HIVE/PIG JOIN Based on SUBSTRING match-CodePudding

I have a requirement where I need to JOIN a tweets table with person names, like filtering the tweets if it contains any person name. I have following data:

Tweets Table: (70 million records stored as a HIVE Table)

id	tweet
1	Cristiano Ronaldo greatest of all time
2	Brad Pitt movies
3	Random tweet without any person name

Person Names: (1.6 million names stored on HDFS as .tsv file)

id	person_name
1	Cristiano Ronaldo
2	Brad Pitt
3	Angelina Jolie

Expected Result:

id	tweet	person_name
1	Cristiano Ronaldo greatest of all time	Cristiano Ronaldo
2	Brad Pitt movies	Brad Pitt

What I've tried so far:

I have converted the person names .tsv file to HIVE table as well and then tried to join 2 tables with the following HIVE query:

SELECT * FROM tweets t INNER JOIN people p WHERE instr(t.tweet, p.person_name) > 0;

Tried with some sample data and it works fine. But when I try to run on entire data (70m tweets JOIN with 1.6m Person Names), it takes forever. Definitely doesn't look very efficient.

I wanted to try JOIN with PIG as well (as it is considered little more efficient than HIVE JOIN), where I can directly JOIN person names .tsv file tweets HIVE Table, but not sure how to JOIN based on substring in PIG. Please suggest me any alternatives that I can use?

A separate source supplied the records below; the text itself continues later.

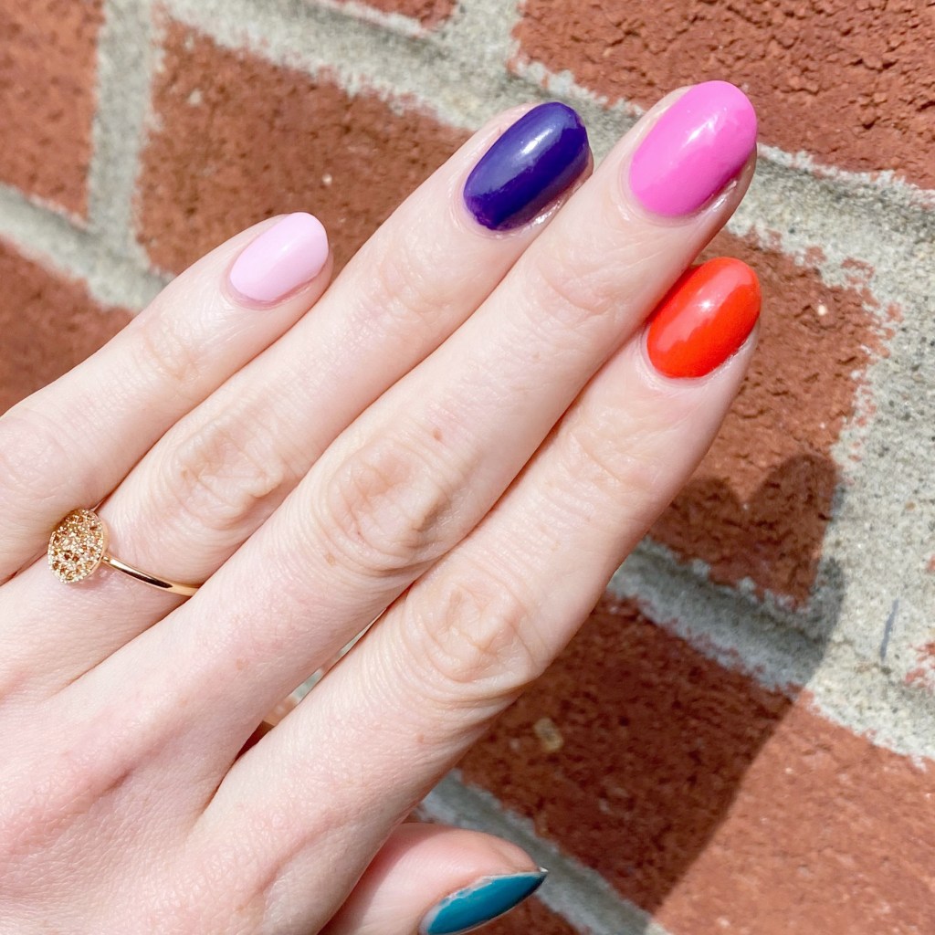 Today I’m sharing an easy November look. One of the things I feel myself drawn to this time of year is jewel tones. Even though I’m not feeling full on holiday nails quite yet, I do enjoy holiday nail polishes from years past. So I thought I would combine a few fun ones from years past into a gorgeous skittle.
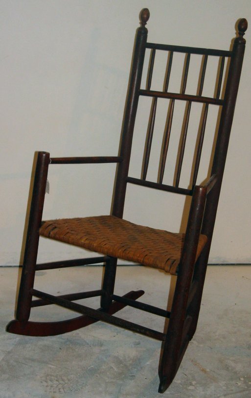SoldEarly Ladder Back Rocker Has acorn finials, 5 ladders,Has acorn finials, 5 ladders, a rush seat and delicate arms.See Sold Price
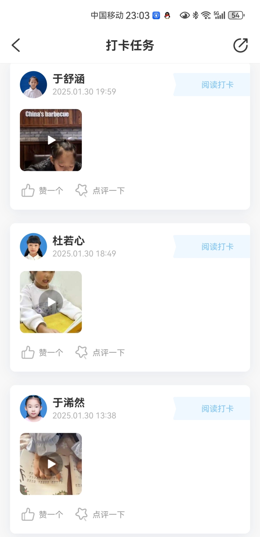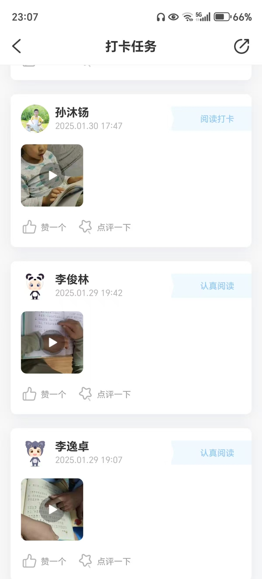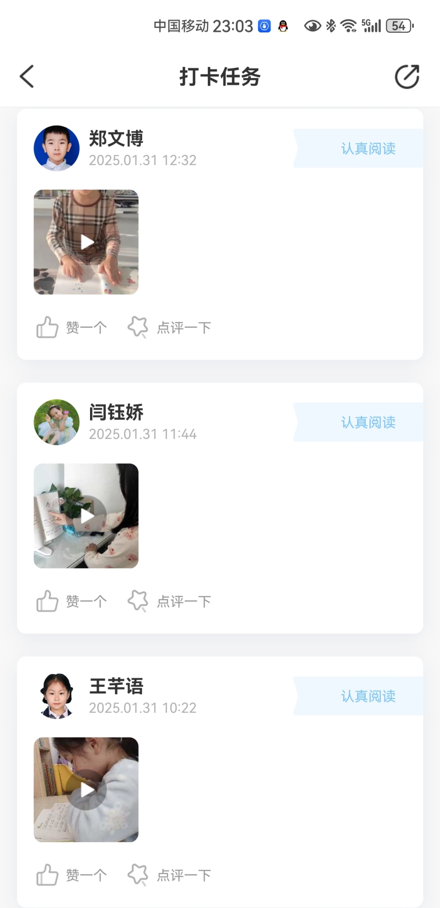 为鼓励持续阅读,学校设置每日读书打卡。同学们通过班级优化大师的阅读打卡,分享阅读照片、视频或简短心得。

CodePudding user response：

The idea is to create buckets so that we don't have to compare a lot of records. We are going to increase the number of records / joins to use multiple nodes to do work instead of a large crossjoin.--> WHERE instr(t.tweet, p.person_name) > 0;

I'd suggest splitting the tweets into individual words. Yes multiplying your record count way up.
Filtering out 'stopwords' or some other list of words that fit in memory.
Split names into (firstnames) and "last name"
Join tweets and names on "lastname" and instr(t.tweet, p.person_name) This should significantly reduce the size of data that you compare via a function. It will run faster.

If you are going to do this regularly consider creating tables with sort/bucket to really make things sizzle. (Make it faster as it can hopefully be Sort Merge Join ready.)

CodePudding user response：

It is worth trying Map-Join. Person table is small one and join with it can be converted to Map-Join operator if it fits into memory. Table will be loaded into each mapper memory.

Check EXPLAIN output. If it says that Common Join operator is on Reducer vertex, then try to increase mapper container memory and adjust map-join settings to convert to Map Join.

Settings responsible for Map Join (suppose the People table <2.5Gb) Try to bump mapjoin table size to 2.5Gb (check the actual size) and run explain again.

 set hive.auto.convert.join=true; --this enables map-join
 set hive.auto.convert.join.noconditionaltask = true;
 set hive.mapjoin.smalltable.filesize=2500000000; --size of table to fit in memory
 set hive.auto.convert.join.noconditionaltask.size=2500000000;

Also container size should be increased to avoid OOM (if you are on Tez):

set hive.tez.container.size=8192;  --container size in megabytes
set hive.tez.java.opts=-Xmx6144m;  --set this 80% of hive.tez.container.size

Figures are just an example. Try to adjust and check the EXPLAIN again, if it shows Map-Join operator, then check execution again, it should run much faster.